Shipping’s energy transition is a supply chain challenge

Shipping

Julien Boulland from Bureau Veritas Marine & Offshore considers why the decarbonisation conversation must expand beyond what happens on ships.

Determining which fuels will power ships in a low-carbon future is just one aspect of reducing greenhouse gas (GHG) emissions in shipping. To succeed, we need to optimise the entire logistics chain of shipping, including the crucial element of ensuring green fuels are available on a large scale.

Breaking silos between maritime and land-based industries will be instrumental to the success of the net zero transition. To address fragmentation in supply chains and legislation, shipping must engage in broader dialogues with new stakeholders including green fuel producers, land-based delivery chains, as well as carbon capture and nuclear energy value chains. Only by building new bridges with those sectors can we develop the standards, infrastructure, and contracts needed to make net-zero shipping a reality.

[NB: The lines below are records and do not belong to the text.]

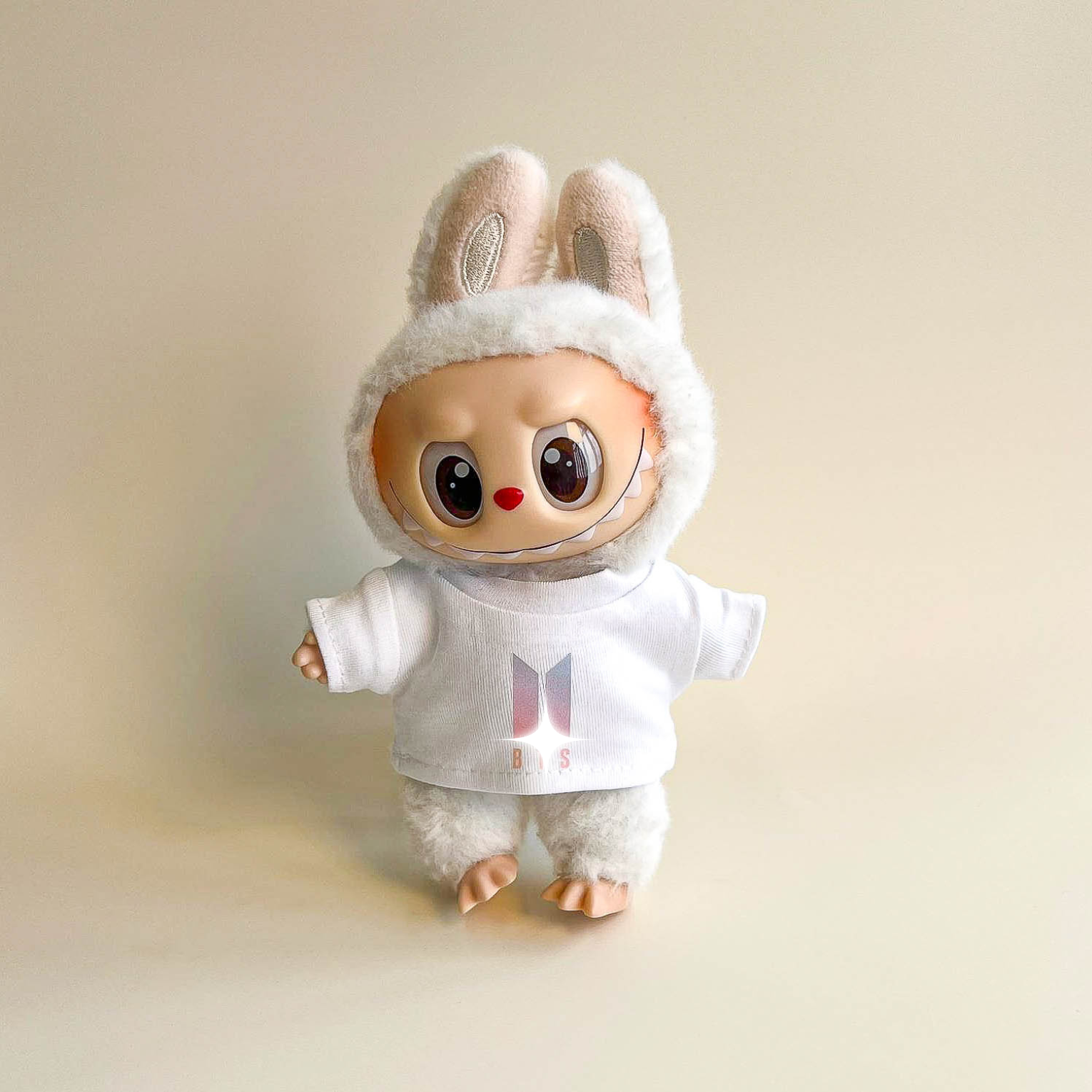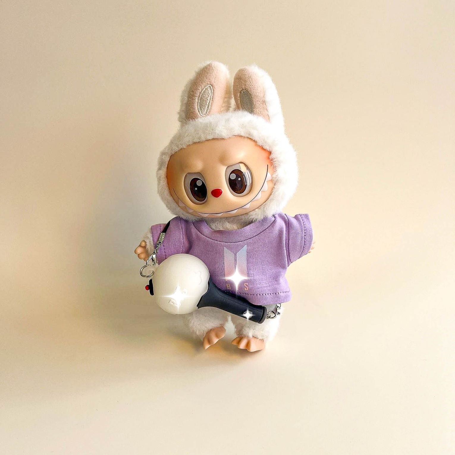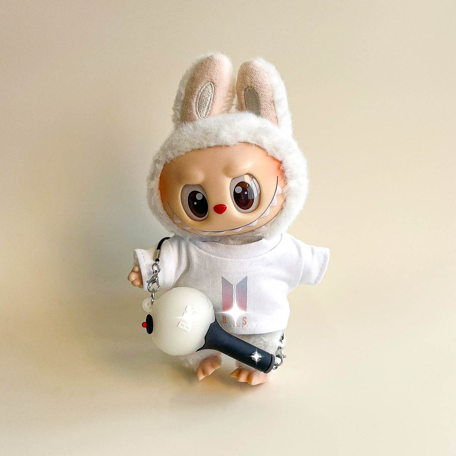 Bring vibrant energy to your Labubu with the Bullet Proof Idol Tee Outfit in colored logo. A bold color‑logo T‑shirt pairs with a mini fan lightstick on a strap for a lively, fan‑ready look. A collector‑focused upgrade to your Labubu clothes, Labubu outfits, and refined Labubu fashion.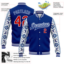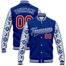 • Load image into Gallery viewer, Custom Royal Red-White Christmas 3D Bomber Full-Snap Varsity Letterman Jacket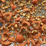 Die Kerne haben für rund 6 Stunden bei 40 °C im Dörrautomat getrocknet. Das Fruchtflleisch der Hagebutten braucht deutlich länger. Damit der Tee noch fruchtiger wird, mache ich eine Mischung mit gedörrten Apfelstücken. Ich überlege, ob ich auch noch etwas Pfefferminze hinzu gebe? Lieber nicht, dann würde der feine Geschmack der Hagebutte hinter dem intensiven Geschmack der Pfefferminze verschwinden.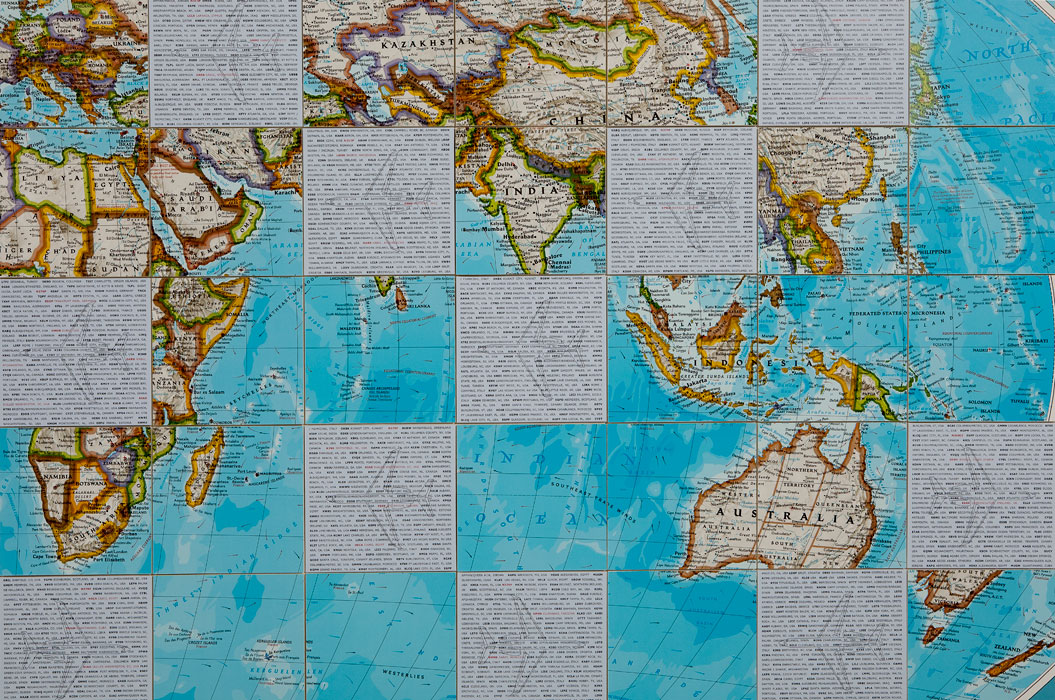 Large Detail. The tiles are made of images printed on paper and drymounted on 1/4 inch foamcore and adhered directly to the wall.

Scaling up green fuel production

The development of supply chains for renewable and low-carbon fuels is not happening as fast as we need. Despite increasing willingness in the shipping industry to pay a premium for green fuels, the lack of availability of those fuels is frustrating. The challenge lies not only in making these fuels economically viable; but also in securing access to limited sustainable feedstocks, scaling-up production, establishing transport links, and developing bunkering infrastructure.

Moving the needle on green fuel production requires clear signals from the maritime sector to green fuel producers (current and potential), and vice-versa. Only with the certainty of a strong and steady demand in shipping can we unlock the necessary investments to scale up the production of green fuels and expand transport and bunkering infrastructure to make it available for the maritime sector. Conversely, only with greater certainty on green fuel availability will shipowners make investments in vessels powered by those fuels.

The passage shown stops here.